Return the lines beginning at the one that contains "每张芯片都会有3条属性,分别" and running to the end of the records, exactly and with nothing else. Omit pictures.

○ ○ ○

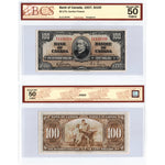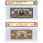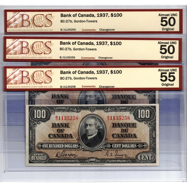 SOLD $100 1937 Bank of Canada Notes BC-27b - 3 Consecutive BCS AU-50/5 Country: Canada Year: 1937 Denomination: 100 Dollars Signatures: Gordon-Towers Prefix/Series: B/J Catalogue: Charlton BC-27b Grade: BCS AU-50/5...
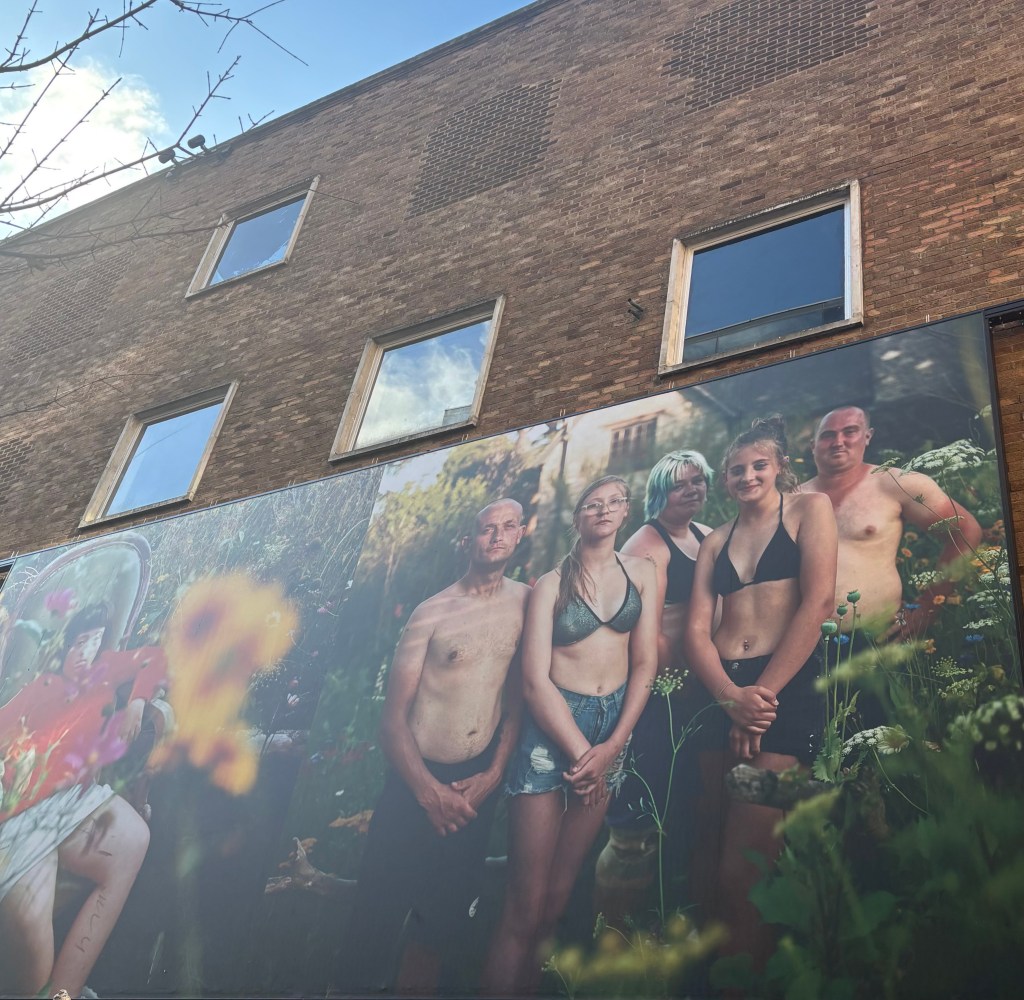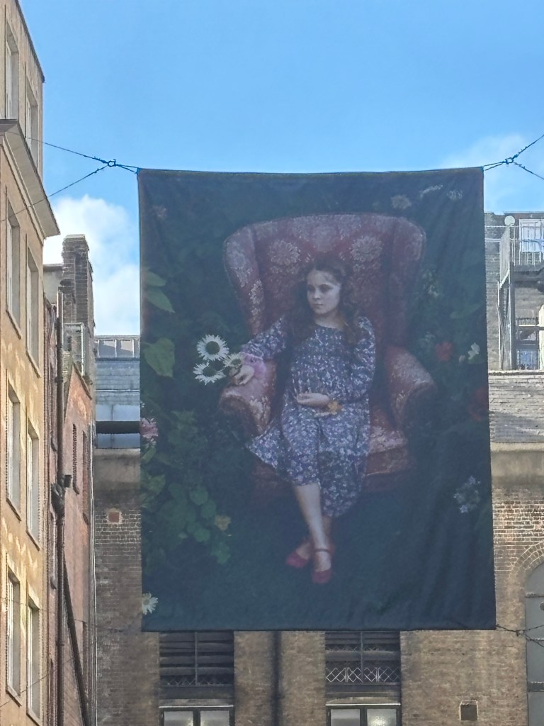 In this large-scale photo between two large buildings, a young girl sits in a red antique chair holding white sunflowers surrounded by a garden. The girl’s intense focus draws you in, making you feel engaged and attentive. The contrast between the vibrant colors of the dress and the red armchair against the more muted tones is striking. The red chair and her red shoes stood out to me the most, creating an interesting composition, with the banner perfectly framed between the two buildings, giving it a balanced and centered look. The image elicits ideas of purity and meditation, with a feeling of longing.
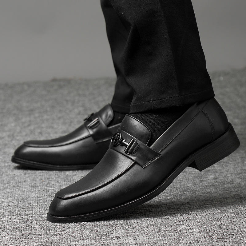 รองเท้าหนังผู้ชายสไตล์ลำลองแบบธุรกิจสไตล์อังกฤษ สีพื้น ระบายอากาศได้ดี แบบสวม ทรงเตี้ย สไตล์เกาหลี ทันสมัย เหมาะสำหรับใส่ทำงานและในชีวิตประจำวัน
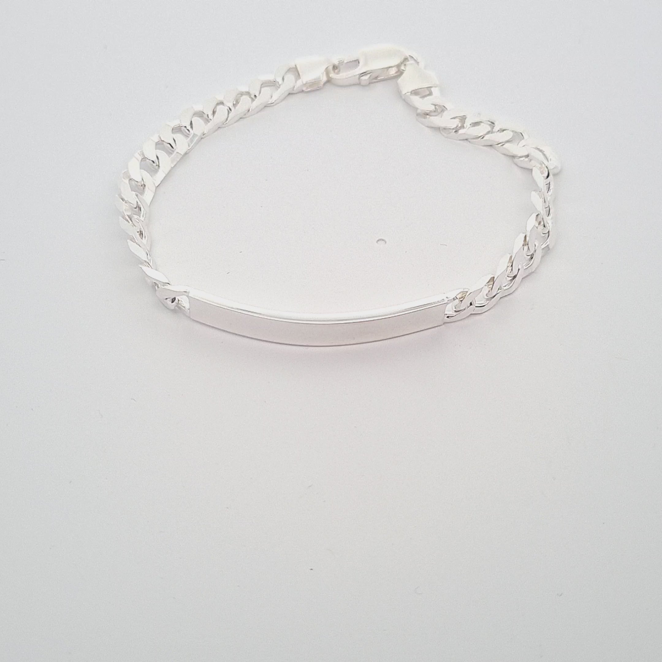 Sterling silver lady's ID bracelet with cut out heart, 3+1 Figaro link bracelet 31925
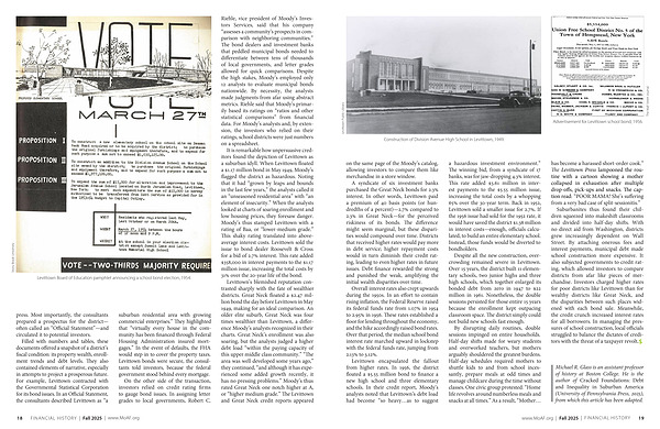 A syndicate of six investment banks purchased the Great Neck bonds for 2.3 % interest. In other words, Levittown paid a premium of 40 basis points( or hundredths of a percent)— 2.7 % compared to 2.3 % in Great Neck— for the perceived riskiness of its bonds. The difference might seem marginal, but these disparities would compound over time. Districts that received higher rates would pay more in debt service; higher repayment costs would in turn diminish their credit rating, leading to even higher rates in future issues. Debt finance rewarded the strong and punished the weak, amplifying the initial wealth disparities over time.
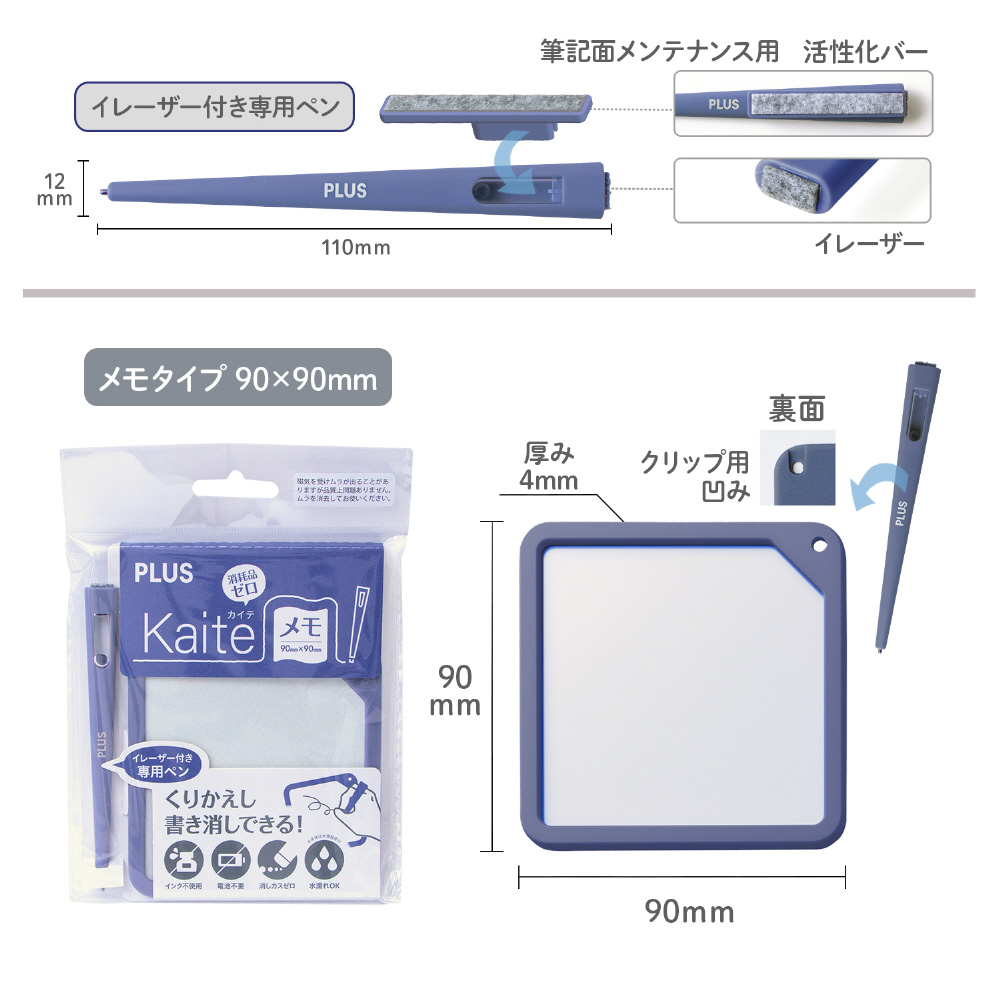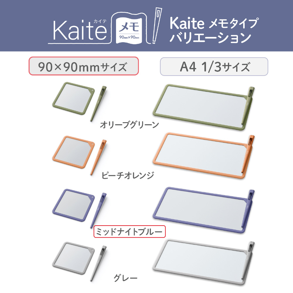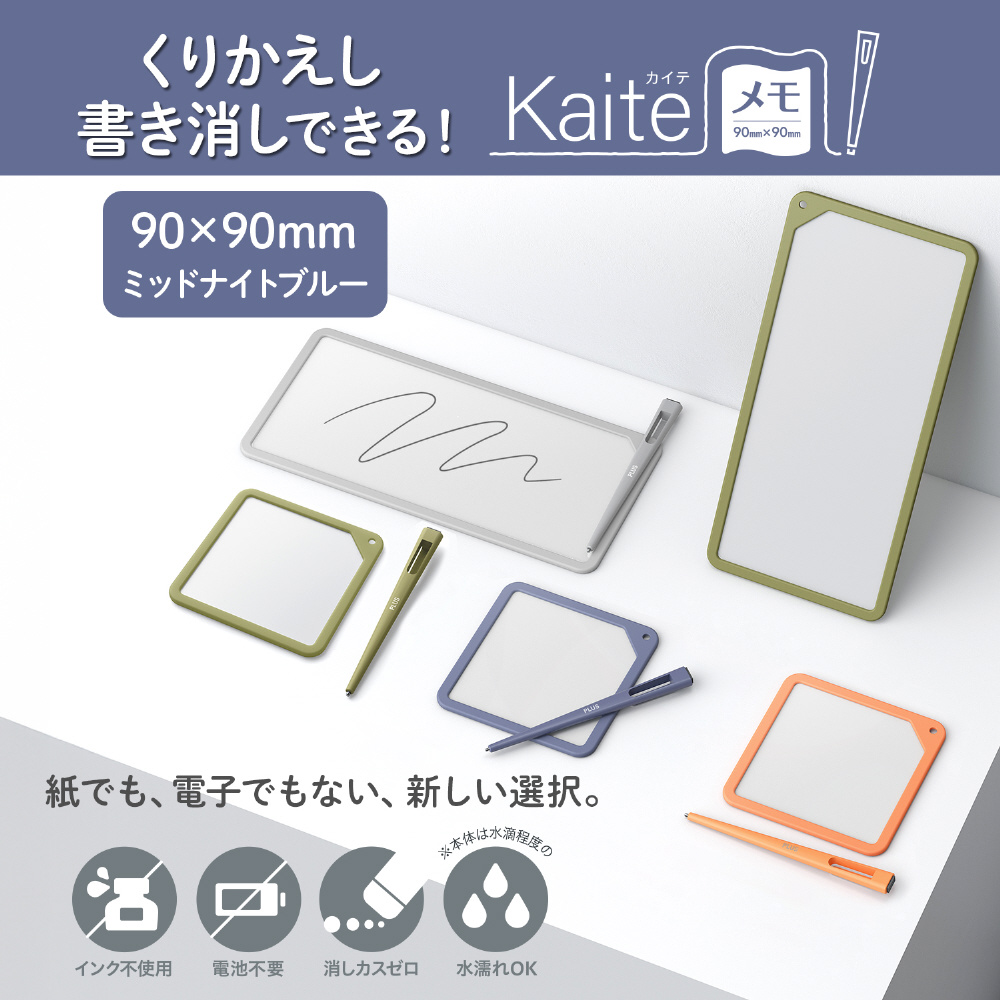 紙でも、電子でもない、新しい選択。必要なのはKaiteだけ。何度もくり返し、紙のようにスラスラ書き消しできるメモ、Kaite(カイテ)。
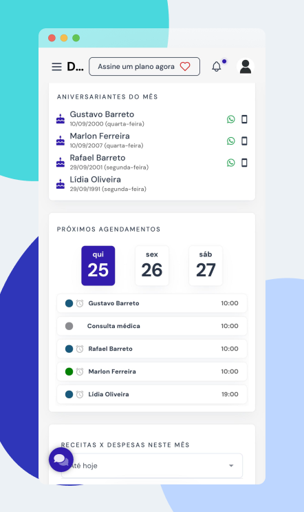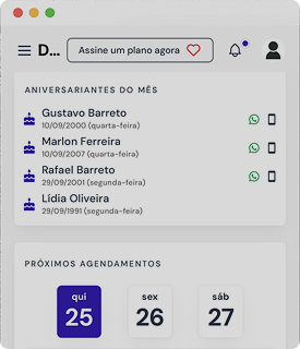 Se você usa WhatsApp, consegue usar o Agenday. Interface simples, sem menus complicados. Oferecemos treinamento individual gratuito e suporte sempre disponível
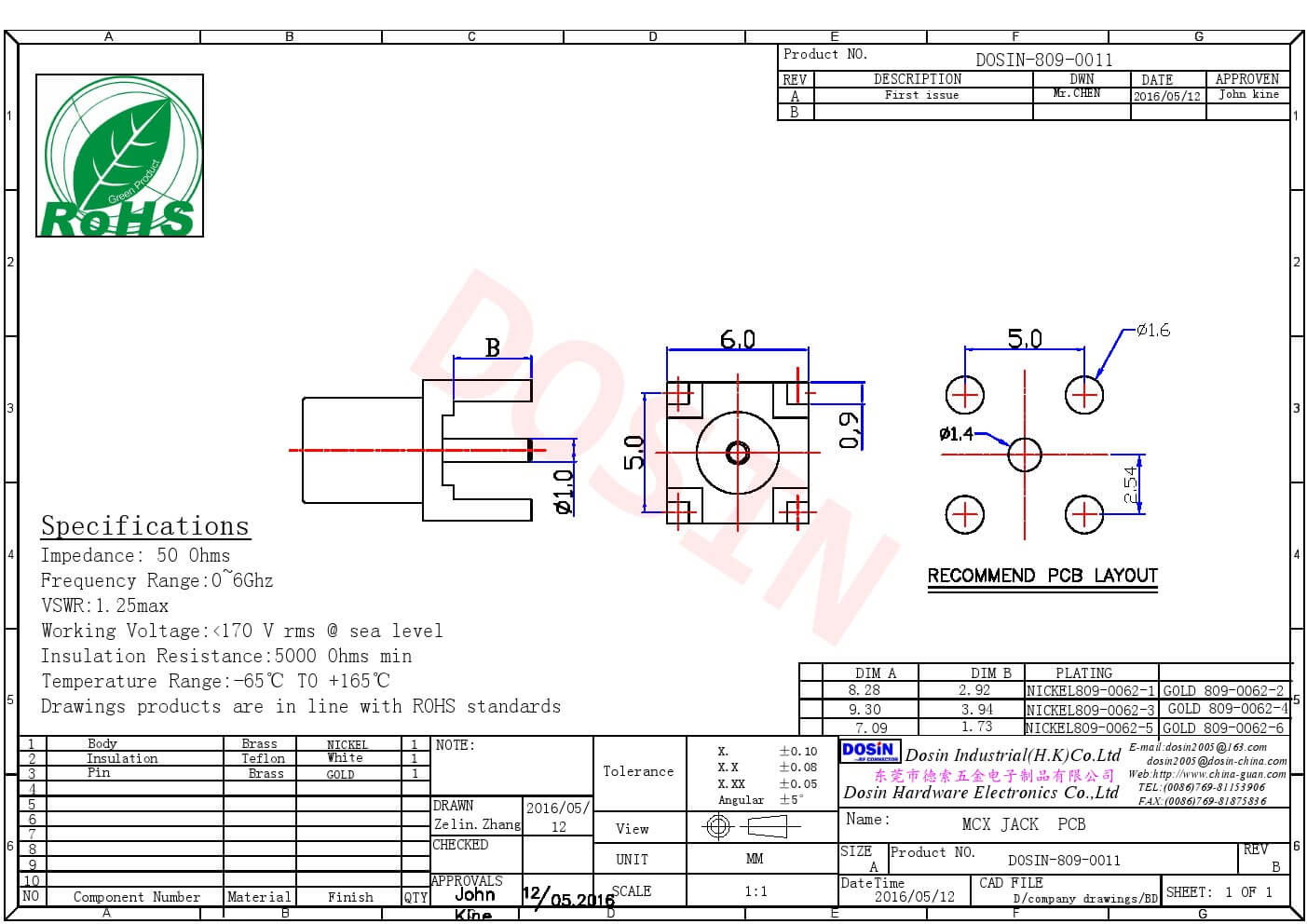 標(biāo)簽:?PCB板端,直式,mcx連接器,射頻同軸
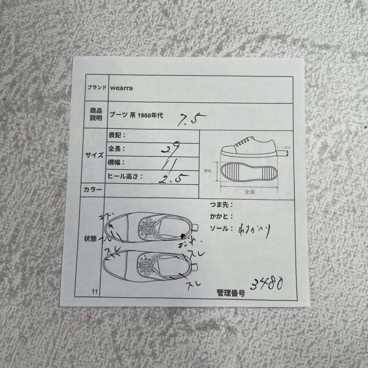 ・靴の総評→「良品」と言える、半世紀以上の時を経てきたとは思えないほど良好なコンディションです。ヴィンテージ特有の深みのある色気が出ており、しっかりとケアをしながら履き継がれてきたことが伺えます。当時の英国靴らしい堅牢な造りは健在で、これからも長く愛用いただける一足です。
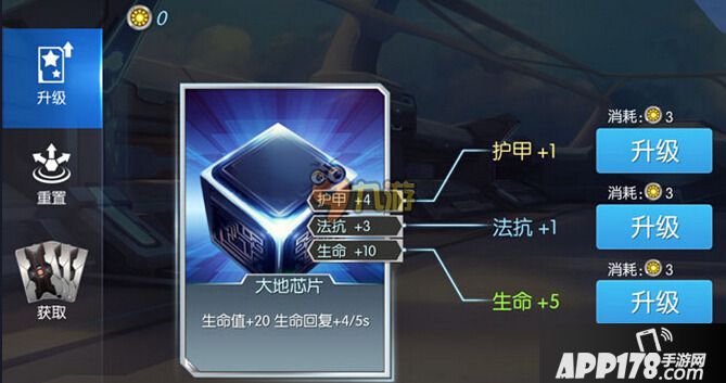 每张芯片都会有3条属性,分别由护甲、法抗、生命、攻击、冷却等组合而成。属性可以进行升级与重置:
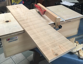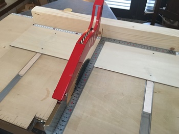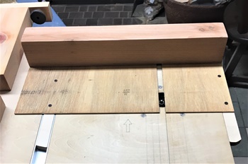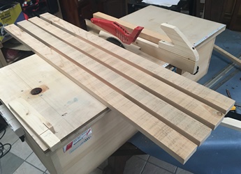 これをテーブルソー縦切りで5cm幅のを4本作る。ここがいちばん力と神経使ったところ。
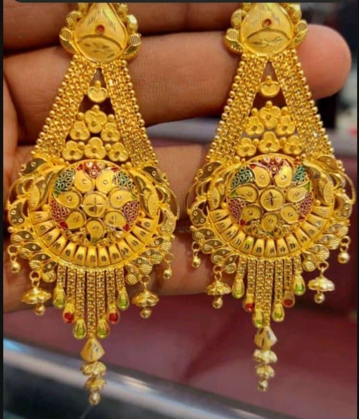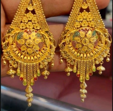 Elevate your traditional attire with these stunning gold Jhala Jhumka earrings. Expertly crafted with intricate detailing, these earrings showcase a beautiful blend of textures and patterns. The classic jhumka bell shape is adorned with delicate hanging chains ("jhala") that create graceful movement. Accents of vibrant enamel work add a touch of color and artistry to these timeless pieces, perfect for weddings, festivals, and special celebrations in Nepal.

○ ○ ○

▶ SOLUTION TO THIS EXERCISE
 每张芯片都会有3条属性,分别由护甲、法抗、生命、攻击、冷却等组合而成。属性可以进行升级与重置:
 これをテーブルソー縦切りで5cm幅のを4本作る。ここがいちばん力と神経使ったところ。
 Elevate your traditional attire with these stunning gold Jhala Jhumka earrings. Expertly crafted with intricate detailing, these earrings showcase a beautiful blend of textures and patterns. The classic jhumka bell shape is adorned with delicate hanging chains ("jhala") that create graceful movement. Accents of vibrant enamel work add a touch of color and artistry to these timeless pieces, perfect for weddings, festivals, and special celebrations in Nepal.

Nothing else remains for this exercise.